§ WHAT THE EXERCISE ASKS
Return the lines of the data below starting at the one holding "1、前往樱花大街,来到这个Shinobi Sushi门口。" and ending at the one holding "我园建立了规范的紫外线消毒灯", word for word, leaving every picture out.

§ EXERCISE INPUT
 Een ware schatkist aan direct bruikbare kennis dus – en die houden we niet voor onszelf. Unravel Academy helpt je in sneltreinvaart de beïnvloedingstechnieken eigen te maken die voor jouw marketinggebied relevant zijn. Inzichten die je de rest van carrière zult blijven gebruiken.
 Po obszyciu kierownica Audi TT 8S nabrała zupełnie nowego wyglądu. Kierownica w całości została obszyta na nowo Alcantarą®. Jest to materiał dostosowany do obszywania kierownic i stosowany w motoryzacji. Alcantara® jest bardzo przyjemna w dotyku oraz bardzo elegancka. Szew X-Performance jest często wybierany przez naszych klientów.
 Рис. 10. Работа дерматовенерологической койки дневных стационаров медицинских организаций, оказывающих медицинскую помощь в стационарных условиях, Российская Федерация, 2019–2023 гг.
--
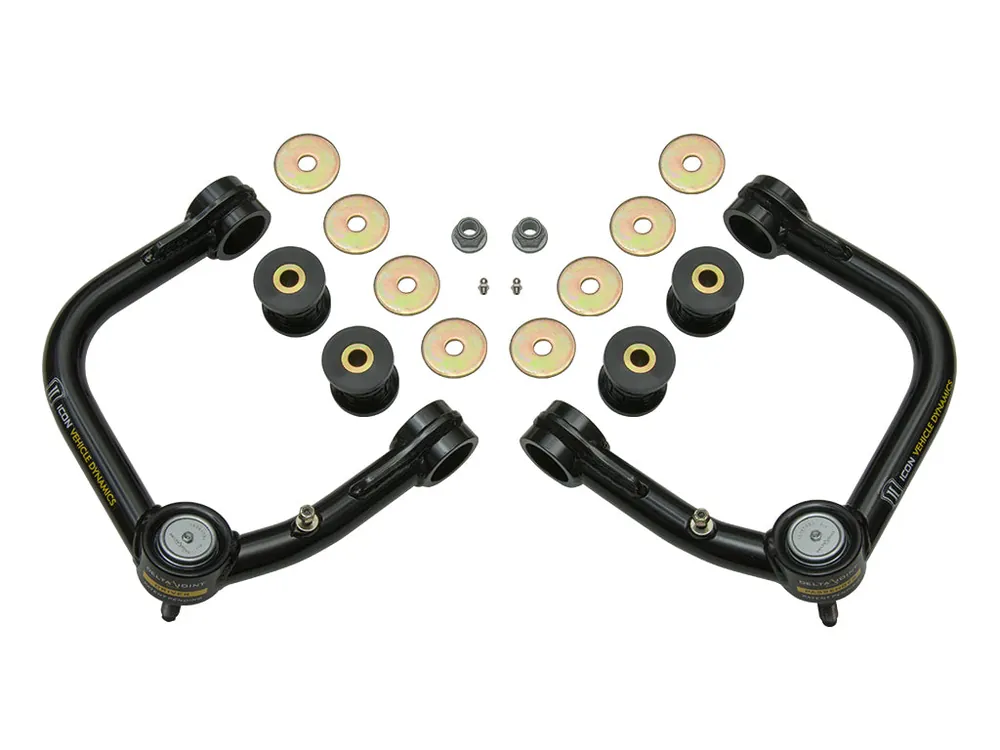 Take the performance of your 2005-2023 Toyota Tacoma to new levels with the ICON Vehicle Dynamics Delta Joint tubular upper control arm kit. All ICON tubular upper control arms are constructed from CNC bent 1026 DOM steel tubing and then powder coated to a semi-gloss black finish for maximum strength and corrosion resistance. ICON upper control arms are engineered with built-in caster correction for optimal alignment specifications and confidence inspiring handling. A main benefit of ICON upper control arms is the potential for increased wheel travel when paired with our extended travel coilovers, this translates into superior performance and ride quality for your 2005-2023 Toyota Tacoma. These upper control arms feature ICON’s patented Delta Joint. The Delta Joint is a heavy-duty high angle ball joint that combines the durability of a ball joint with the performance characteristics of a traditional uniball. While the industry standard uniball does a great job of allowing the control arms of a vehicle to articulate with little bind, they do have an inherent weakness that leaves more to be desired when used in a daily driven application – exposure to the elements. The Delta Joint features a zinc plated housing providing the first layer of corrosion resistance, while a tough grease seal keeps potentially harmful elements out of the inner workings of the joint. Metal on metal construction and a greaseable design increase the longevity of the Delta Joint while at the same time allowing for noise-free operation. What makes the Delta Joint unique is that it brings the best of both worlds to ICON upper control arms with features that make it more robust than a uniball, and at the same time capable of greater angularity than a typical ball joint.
--
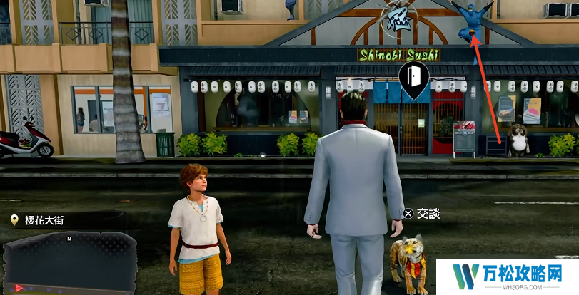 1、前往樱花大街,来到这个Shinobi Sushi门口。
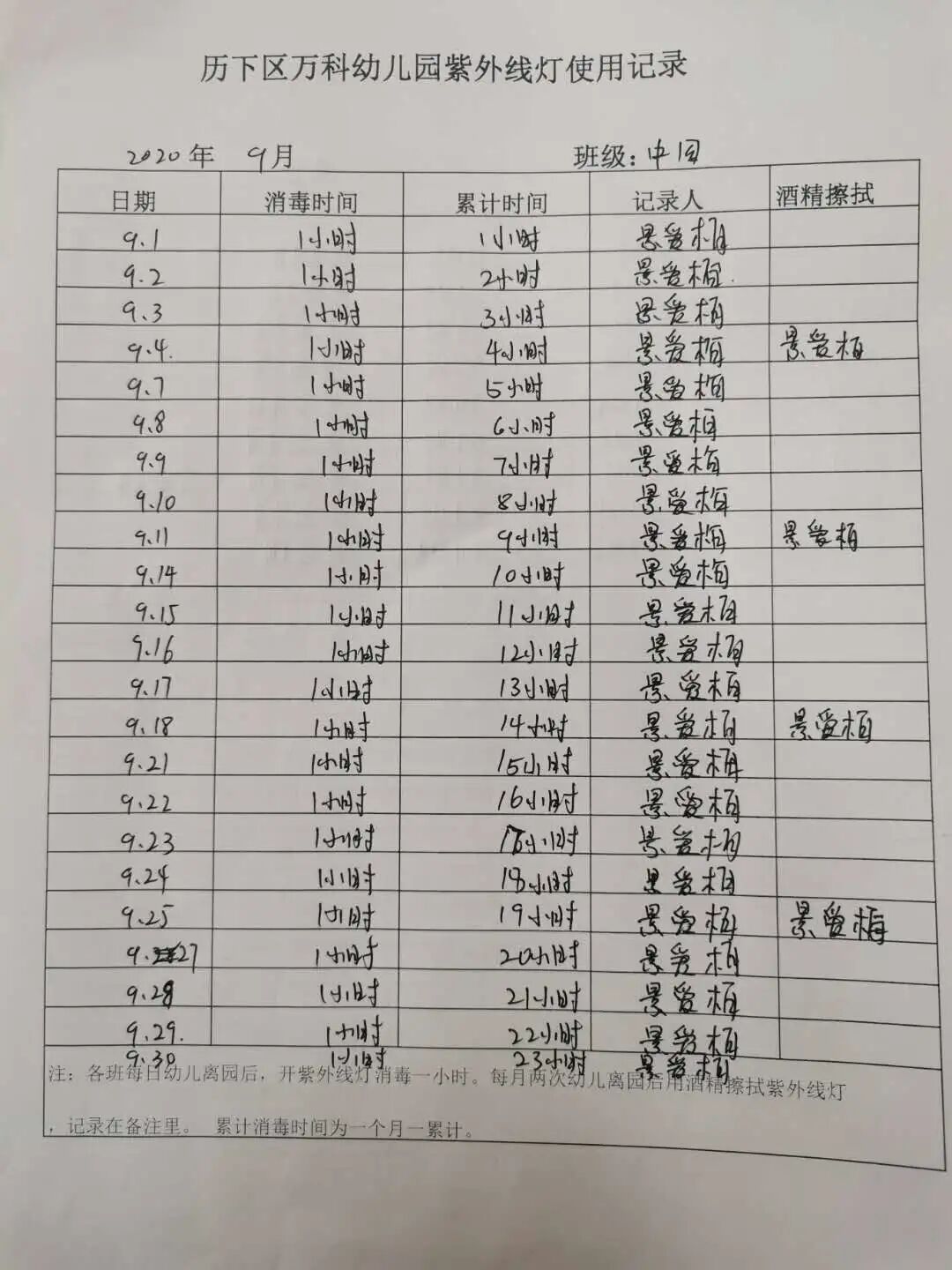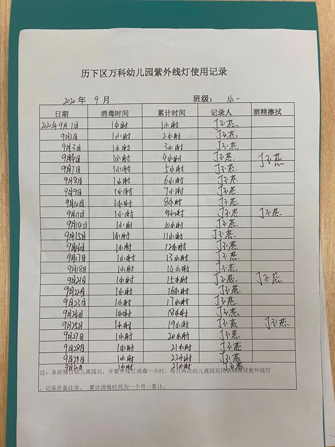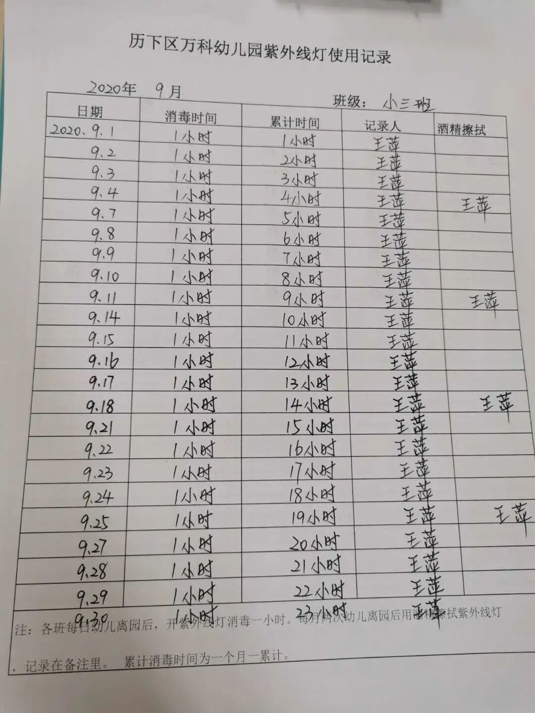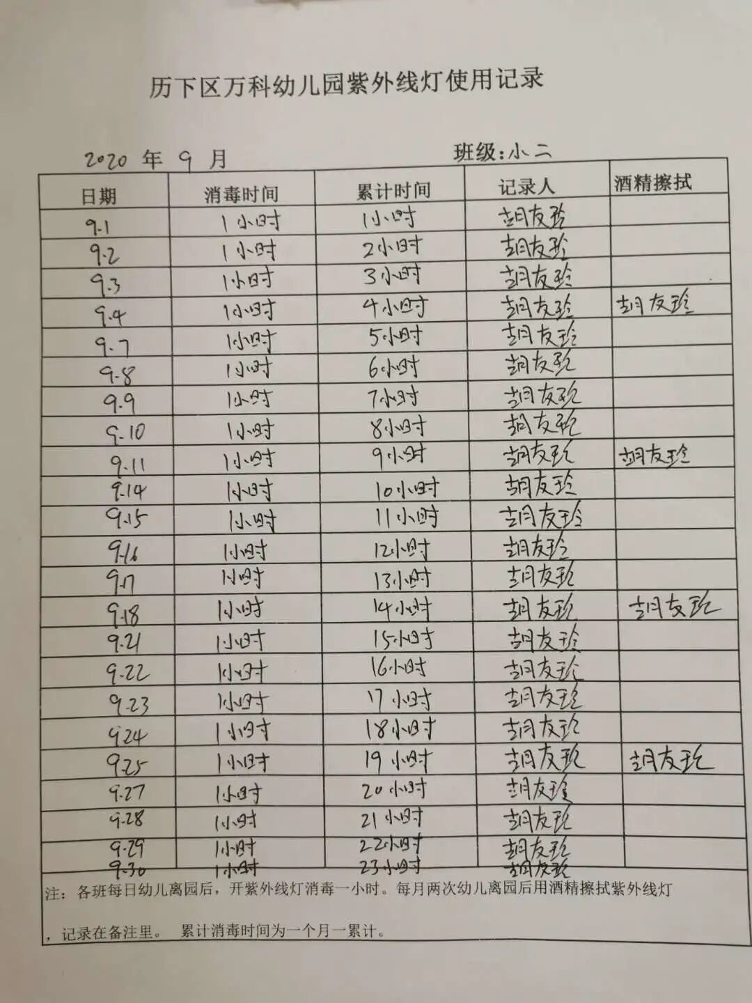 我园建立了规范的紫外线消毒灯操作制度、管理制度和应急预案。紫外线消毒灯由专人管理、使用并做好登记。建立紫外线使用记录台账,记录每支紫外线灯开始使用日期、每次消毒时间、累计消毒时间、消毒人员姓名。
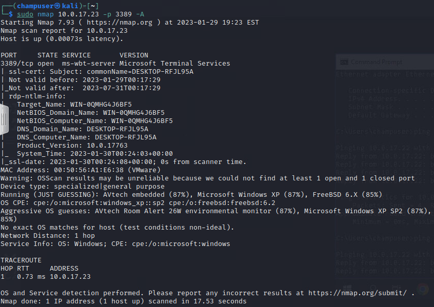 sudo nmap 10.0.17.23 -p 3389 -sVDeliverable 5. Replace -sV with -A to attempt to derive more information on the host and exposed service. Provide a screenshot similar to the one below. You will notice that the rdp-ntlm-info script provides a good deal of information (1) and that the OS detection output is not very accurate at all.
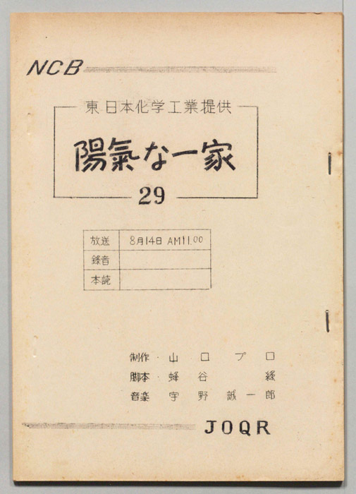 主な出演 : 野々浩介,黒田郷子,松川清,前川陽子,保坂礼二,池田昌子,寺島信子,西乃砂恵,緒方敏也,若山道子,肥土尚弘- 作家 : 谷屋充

§ RESPONSE AREA
 1、前往樱花大街,来到这个Shinobi Sushi门口。
 我园建立了规范的紫外线消毒灯操作制度、管理制度和应急预案。紫外线消毒灯由专人管理、使用并做好登记。建立紫外线使用记录台账,记录每支紫外线灯开始使用日期、每次消毒时间、累计消毒时间、消毒人员姓名。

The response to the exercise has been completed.